HELOC vs. cash-out refinance

When you need to access home equity, a cash-out refinance is an alternative worth considering:

FactorHELOCCash-out refinance
Interest rate typeVariableFixed
Closing costs$0-$2,0002-5% of loan amount
FlexibilityBorrow as neededOne-time lump sum
First mortgageStays unchangedReplaced with new loan
Timeline2-4 weeks30-45 days
Best whenNeed flexibility, rates may fallRates are lower than current mortgage

A cash-out refinance makes sense when current mortgage rates are lower than your existing rate, or when you want the security of a fixed rate. A HELOC is better when you need ongoing access to funds or don't want to disturb a favorable first mortgage rate.

Smart uses for a HELOC

Generally good uses

  • Home improvements: Renovations that add value to your property
  • Debt consolidation: Replacing high-interest credit cards or personal loans
  • Emergency fund: Having access without actually borrowing unless needed
  • Education expenses: Spreading tuition costs over time
  • Starting a business: Providing working capital with lower rates than business loans

Uses to approach with caution

  • Vacations: Using home equity for consumption adds risk without lasting value
  • Daily expenses: Signs of living beyond your means
  • Speculative investments: Stock market, cryptocurrency, or other volatile assets
  • Luxury purchases: Vehicles, boats, or other depreciating assets

Remember that your home secures the debt. Defaulting on a HELOC can lead to foreclosure, making it crucial to use these funds responsibly.

Risks to understand

Variable rate risk

If the prime rate increases by 2%, your HELOC payment could jump 25% or more. In a rising rate environment, interest-only payments can quickly become unaffordable.

Over-borrowing temptation

The credit card-like nature of HELOCs makes it easy to view available credit as your money. This can lead to borrowing more than you can comfortably repay.

Home value decline

If housing prices drop significantly, you could end up "underwater"—owing more than your home is worth. This limits your ability to sell or refinance and creates financial stress.

Payment shock

The transition from interest-only to fully amortizing payments catches many borrowers unprepared, especially if rates have risen during the draw period.

Lender freeze or reduction

Lenders can freeze or reduce your credit line if your home value drops, your credit deteriorates, or economic conditions worsen. This happened widely during the 2008 financial crisis.

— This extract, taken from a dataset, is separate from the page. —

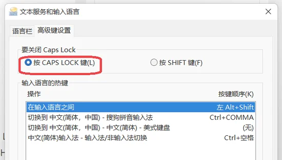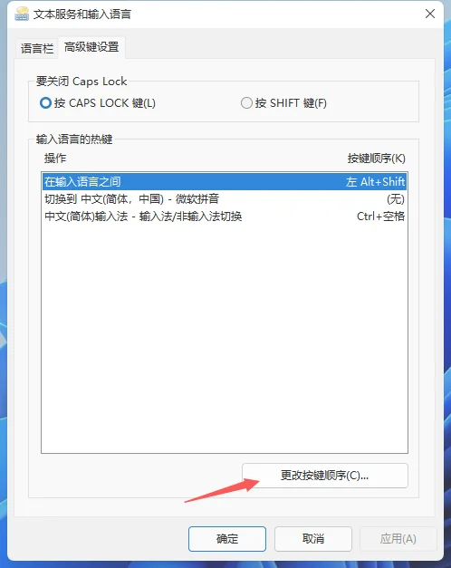 另外,切换语言输入法的快捷键也可以在这里进行设置。

Strategies for HELOC success

  1. Borrow less than your maximum: Leave a cushion for rate increases and unexpected expenses
  2. Make principal payments during the draw period: Reduces future payment shock and total interest paid
  3. Have a clear repayment plan: Know exactly how and when you'll pay off the balance
  4. Use for value-adding purposes: Prioritize home improvements over consumption
  5. Monitor interest rates: Consider converting to a fixed-rate loan if rates rise significantly
  6. Keep emergency savings: Don't rely solely on HELOC access for emergencies
  7. Budget for the repayment phase: Calculate your future payment before borrowing

Alternatives to consider

If a HELOC doesn't fit your needs, consider these alternatives:

  • Home equity loan: Fixed rate and fixed payments for predictable budgeting
  • Cash-out refinance: Replace your mortgage and access equity in one transaction
  • Personal loan: No home collateral required, though rates are typically higher
  • 0% APR credit card: Short-term financing with no interest if paid within promotional period
  • 401(k) loan: Borrow from retirement savings (with risks and limitations)
  • Family loan: Private arrangement with favorable or no interest

Each option has trade-offs in terms of rates, terms, risk, and flexibility. The right choice depends on your specific financial situation, borrowing needs, and risk tolerance.